I'd suggest not making use of a continuous burn approach, even to a suborbital trajectory. You can get much faster/further by throttling back up to max once you pass the lowest 6-10 km of atmo, cutting engine power to cruise to APO once you have enough vertical speed to clear the atmosphere, and then re-igniting your engines near APO to build up as much horizontal speed as possible. You probably also want to pitch over earlier and more sharply in ascent- so you build up horizontal velocity sooner... If you do this right, you also require little to no heatshielding, as youre-entry will be quite shallow. Finally, more fuel tanks could have gotten you a LOT further on your first liquid fueled launch. Your TWR was far higher than is optimal. Regards, Northstar

Nibb, I must remind you that the Delta-V necessary to reach a given speed and altitude and the speed you travel at that altitude are two entirely different things. It takes well over 2000 m/s to reach Mach 3 and 24 km altitude. You also can efficiently use vacuum-optimized rocket nozzles at 24 km, which drastically increases your ISP... See below: The problem with air-launch really isn't that it doesn't make sense from a physics perspective. It's that to really get the most out of it, you need an expensive-to-develop plane uniquely built for high altitude flight with a very heavy payload... The R&D costs are what get you... Besides, if you're trying to get the most out of a plane, why stop at air-launch? It makes a lot more sense to just build a spaceplane that dolphins out of the atmosphere, and release a heavy upper-stage on a suborbital trajectory at a couple km/s of speed. This way, you eliminate the need for a first stage entirely, while not needing to design a spaceplane that can get all the way to orbit (the difficulties of spaceplane design increase exponentially the more Delta-V it needs to carry- and the wings/ airbreathing engines don't provide any benefit once you're high enough you need to swap to rocket propulsion, they're just deadweight, and at that point Lift/Drag is likely to end up below 1...) Of course, at that point you're probably just better off with a reusable launch stage, ala Falcon 9, unless you're using something like Microwave Beamed Power which is very limited in takeoff-thrust (and since Escape Dynamics went under, MBP probably won't happen for at least 40 years...) Regards, Northstar

My point is that the costs of fetching those resources from LEO down tobthe syrface really aren't that high. It doesn't matter what the concentrations are if the wlements within that ore are valuable enough. With a reusable capsule system (the capsules wouldn't even need to be pressurized), the costs to bring that ore down to the surface would become comparatively very low indeed. We're talking hundreds or thousands of re-uses each year (for a single large asteroid) of a small capsule launched atop a reusable rocket- something no larger than the Falcon 9 at most... With enough launches/re-uses each year, the economies of scale really start to add up... And, as any veteran KSP player is well aware, many Near-Earth Objects would require *very* little Delta-V to bring to an aerocapture trajectory in the first place (less than 100 m/s).
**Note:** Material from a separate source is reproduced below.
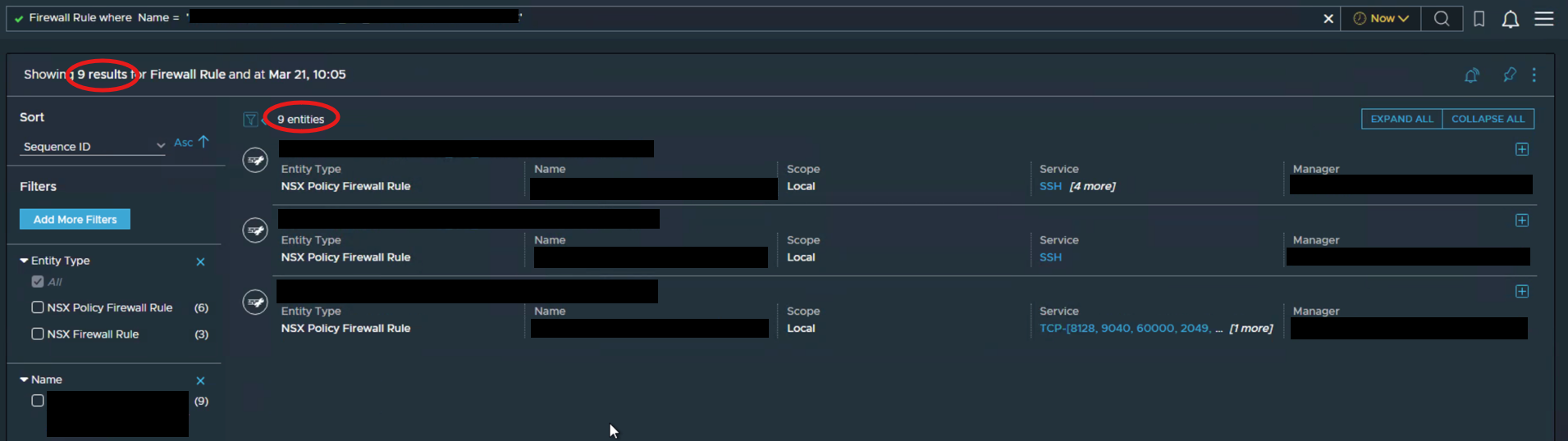 You may also see a mismatch when searching for a particular firewall rule by name between the number of results and the actual records displayed.

So the fuel costs of moving an asteroid to LEO could be very low- less still if you're willing to make shallow aerobraking passes that leave Earth's SOI a few times (possibly with Lunar gravity-braking as well) before finally capturing such an asteroid. Regards, Northstar

At a value of multiple trillions of dollars for a single asteroid (for reference, NASA's annual budget is 18-19 billion $, and $4 trillion is nearly the annual US budget), you wouldn't need to purify the minerals. It would literally be profitable just to cut the asteroid up into chunks that you send down to Earth unrefined. Especially if the recovery capsules were, reusable, and could be re-launched back to orbit on reusable rockets... Cutting an asteroid up into lots of small chunks wouldn't be easy- but it's certainly feasible. Regards, Northstar

Ummm, actually the survivability of US and Western European fighters is excellent. The chances are they will be used in asymmetrical wars, against oppoments who aren't capable of shooting them down. And they make plenty of patrols and teaining flights in peacetime. If we ever started chewing throughhigh-tech fighters like in WWII, by contrast, we'd be *forced* to opt for a cheaper design. Single-use high-tech fighters simply aren't an affordable prospect... So no, fighters really *are* reusable... Regards, Northstar EDIT: My bad- didn't notice how old that post was...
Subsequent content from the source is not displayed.